Could the days of the humble counter-top payment terminal soon be numbered?
That’s the question more than a few retailers are likely to be asking after the National Australia Bank (NAB) and veteran point of sale provider (PoS) Quest Payment Systems revealed a new trial in conjunction with Visa to turn Android handsets into mobile payment terminals.
It’s a sign that payments hardware manufacturers – think Hypercom and Ingenico – are now increasingly looking to bypass manufacturing dedicated payment products if favour of heading straight to the secure software layer, especially now that many handsets are equipped with to read NFC taps.
Under the deal with NAB, Quest – which is Australian owned and headquartered in Melbourne – will get to put its tap payments acceptance software onto Android handsets that then port back to NAB’s merchant acquiring services.
(Quest says solution will initially be available on Android devices only “as Apple do not make the required contactless interface available to developers” though it will support Apple devices through the addition of a Bluetooth payment terminal.)
While retail acquiring has long been one of the most challenged segments of the payments market, especially as transactions head online, the movement of payments to phones has created an opportunity for traditional players in the smartcard space to lose their hardware overheads.
“Since the introduction of tap-and-go payments, Australians are carrying less and less cash which can impact sales and growth for small businesses,” NAB Executive General Manager, Transaction Banking, Andy Kerr said.
“Currently, there are limited options for merchants such as market stall vendors, boutique retailers, sole traders and start-ups to accept payments other than cash.”
Kerr reckons that NAB has “heard loud and clear from our customers that they want access to payment technology without the additional hardware associated with a traditional POS terminal.”
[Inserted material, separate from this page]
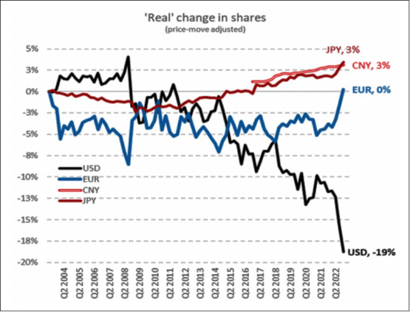 L’utilisation du dollar américain comme arme conduit de plus en plus à un déclin de son rôle en tant que monnaie de réserve.
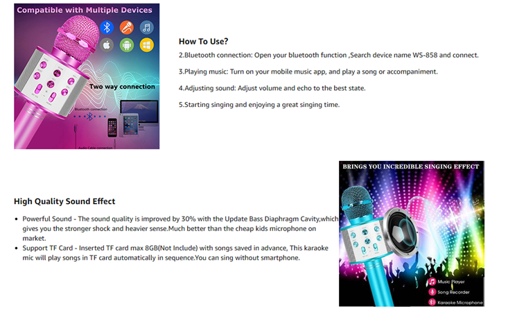 • ♪【Top Sound Quality & Fun Voice Change】- Professional audio processor and tuning system, three layers high destiny noise reduction, Creating a stunning KTV live-sound environment and wonderful echo reverberation.Change your voice with 5 different effects,Provide much more fun to your kids.

The market, as NAB sees, it is the “gap where businesses aren’t big enough to need a POS terminal but are established enough to accept contactless card payments.”
There’s also a surge factor, with merchants being able to add additional phone terminals in peak periods like Christmas. It’s also a no-brainer for hospitality, because table service payments can unwire for a low cost.
The cost of terminals, either bought or rented, has long been a barrier to entry for many smaller merchants and mobile traders because of the hardware and communications costs of dedicated machines that are usually fitted with printers.
Mobile payments specialist Square was an early mover in the mobile payment acceptance space, especially for small businesses and sole traders that could justify the cost of a full bank acquiring account and associated merchant service fees (MSF).
NAB and Visa are now going after that ground, especially as consumers increasingly default to tap payments rather than cash for small ticket payments.
But there are some important caveats, especially as this is still just a trial.
The biggy is the cap on transaction value that’s been dialed-back to a modest $100, the threshold at which contactless payments require a PIN number to be entered. NAB confirmed to iTnews the $100 limit is there to bypass the need for PIN entry, and this is where the messaging gets interesting.
The big sticking point for banks and card schemes like Visa and Mastercard is that they’ve spent years educating consumers to keep their eyes open on what and where they’re, with the general idea being consumers need to see the amount authorised and their card (or phone) not needing to leave their hand.
And because there’s plenty of malware out there – even merchant payments terminals can be compromised with firmware hacks – there’s been some reticence about consumers entering a PIN into a handset that’s acting as a terminal.
NAB and Quest don’t yet seem to have made the leap of faith to let PIN numbers be entered onto handsets, a hesitancy that will necessarily limit the functionality and uptake of the new software.
Even so, Quest is pushing the trial as a significant innovation that show’s its adapting to consumer and merchant preferences rather than sticking with legacy technology like erstwhile predecessors like Keycorp.
“Although we don’t see this technology replacing physical payment terminals tomorrow, the transition to software based payment solutions will progress over the coming years,” said Quest chief executive Jan Mason.
“In some ways we are disrupting our own business model,” Mason said.
“But the reality is that we need to keep evolving to ensure we are able to meet our customers and banking partners where they want to transact. More and more transactions will require on-the-go solutions.”
NAB has not yet provided a timeframe for the duration of the trial or set out what merchant costs will be.